Berichte der belgischen Vertreter in Berlin, London und Paris an den Minister des Aeußeren in Brüssel – Herausgegeben vom Auswärtigen Amt. / Berlin – Ernst Siegfried Mittler und Sohn, Königliche Hofbuchhandlung, Kochstraße 68-71

Belgische Aktenstücke

 

Die Archive der belgischen Regierung haben bereits verschiedene Dokumente von geschichtlicher Bedeutung zutage gefördert. Erneute Nachforschungen haben zum Auffinden weiteren wertvollen Materials, nämlich der Berichte der belgischen Gesandten im Auslande an die belgische Regierung, geführt. Die aufgefundenen gesandtschaftlichen Berichte bieten ein ungewönliches Interesse als Quellenmaterial für die Vorgeschichte des Krieges. Ihre Bedeutung liegt darin, daß sie geschrieben sind von den Vertretern eines Staates, der an der großen Weltpolitik nur mittelbar, sozusagen nur als Zuschauer beteiligt war. Die Berichte können daher den Anspruch erheben, als eine objektive diplomatische Darstellung der internationalen Politik vor dem Kriegsausbruch zu gelten. Zieht man die Sympathien des ganz dem französischen Einfluß verfallen belgischen Volkes für die Westmächte in Betracht, Sympathien, die ihren Ausdruck fanden in der feindseligen Haltung, die die gesamte belgische Presse Deutschland gegenüber stets eingenommen hat, so ist es um so bemerkenswerter, daß die Berichterstattung der belgischen Gesandten ein Anklagematerial gegen die Politik der Ententemächte enthält, wie es vernichtender kaum gedacht werden kann.

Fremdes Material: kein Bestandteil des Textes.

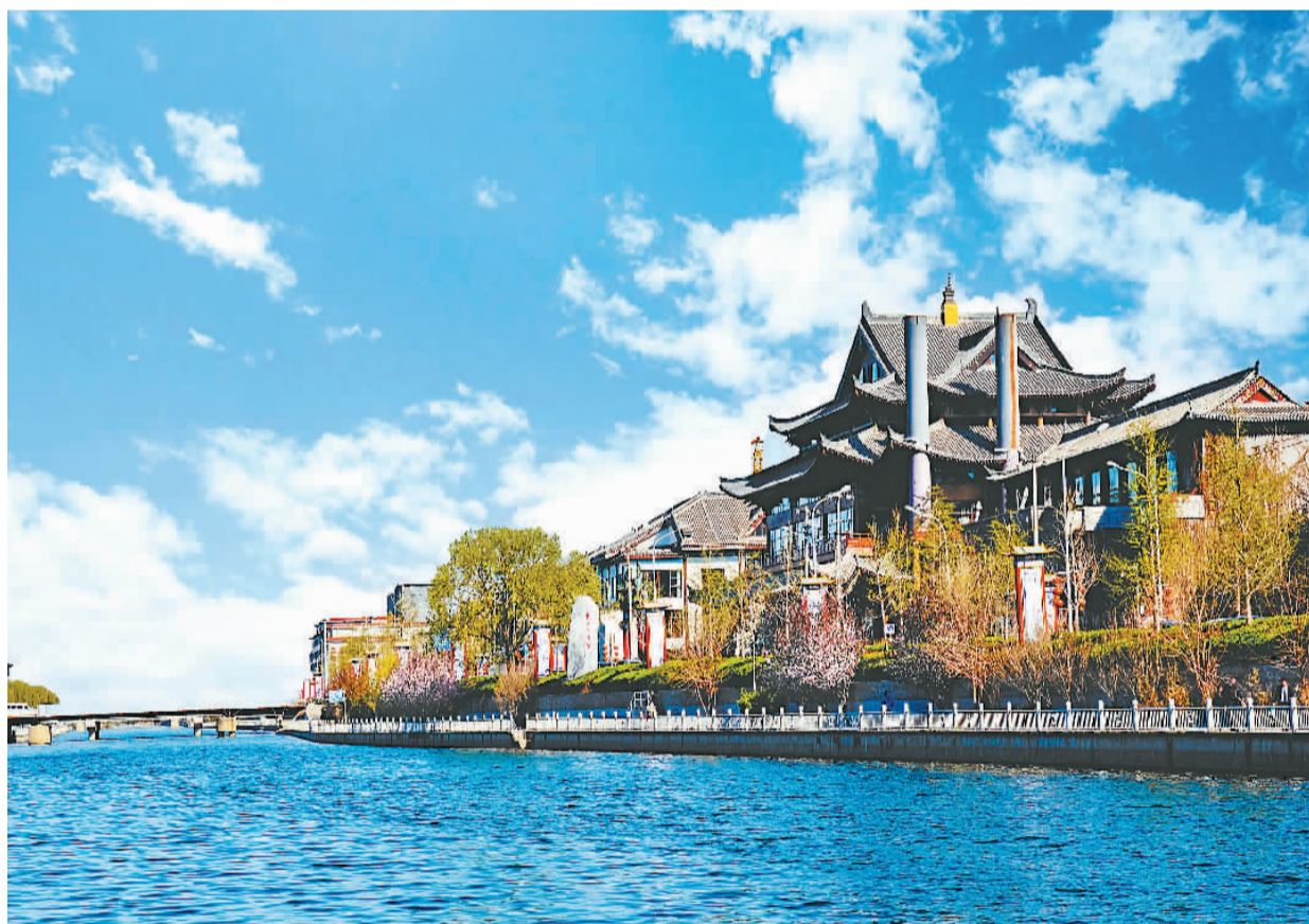
如今,高碑店乡已成为文化创意产业园聚集地。图为通惠河畔文化创意产业园,多家从事教育信息化的企业落户于此。

“ㄅ(b)、ㄆ(p)、ㄇ(m)、ㄌ(l),这些拼音就是我在识字班学的。”85岁的周振兴戴上老花镜,仔细摩挲着记者递给他的人日报老报纸。

Im folgenden wird eine Anzahl von Berichten der belgischen Gesandten in Berlin, London und Paris aus den Jahren 1905 bis 1914 veröffentlicht, in denen in der denkbar prägnantesten Form hervortritt, daß es die im Jahre 1904 von England eingeleitete, gegen Deutschland gerichtete Ententepolitik gewesen ist, die tiefe Spaltungen in Europa hervorgerufen hat, welche schließlich zum gegenwärtigen Kriege führten. Die englische Regierung als Triebfeder, König Eduard VII. als Bannerträger der auf die Isolierung Deutschlands gerichteten Bestrebungen der Entente bilden ein immer wiederkehrendes Thema der Berichte. Mit großem Scharfblick haben die Gesandten schon sehr früh erkannt, wie er durch den Dreibund während Jahrzehnten gesicherte Weltfriede durch die politischen Bestrebungen der Entente gefährdet wurde. Daß der englischen Feindseligkeiten gegen Deutschland lediglich die Eifersucht Englands auf die Entwicklung Deutschlands in industrieller und kommerzieller Hinsicht sowie auf das Erblühen der deutschen Handelsflotte zugrunde lag, findet in den Urteilen der belgischen Gesandten volle Bestätigung. Die englische Überhebung und die Ansprüche Englands auf Monopolisierung des Welthandels und beherrschung der Meere, das Treiben der englischen Hetzpresse werden gebührend gekennzeichnet.

Die Unaufrichtigkeit der französischen Marokkopolitik, die fortgesetzten Vertragsbrüche Deutschland gegenüber, die sich Frankreich mit Unterstützung Englands in Marokko hat zuschulden kommen lassen, werden festgestellt. Auf das bedrohliche Anwachsen des französischen Chauvinismus und das Wiederaufleben der deutsch-französischen Gegensätze als Ergebnis der Entente mit England wird hingewiesen. Umgekehrt finden die Friedensliebe des Deutschen Kaisers, die friedlichen Tendenzen der deutschen Politik und die große Langmut Deutschlands den Provokationen Englands und Frankreichs gegenüber volle Anerkennung.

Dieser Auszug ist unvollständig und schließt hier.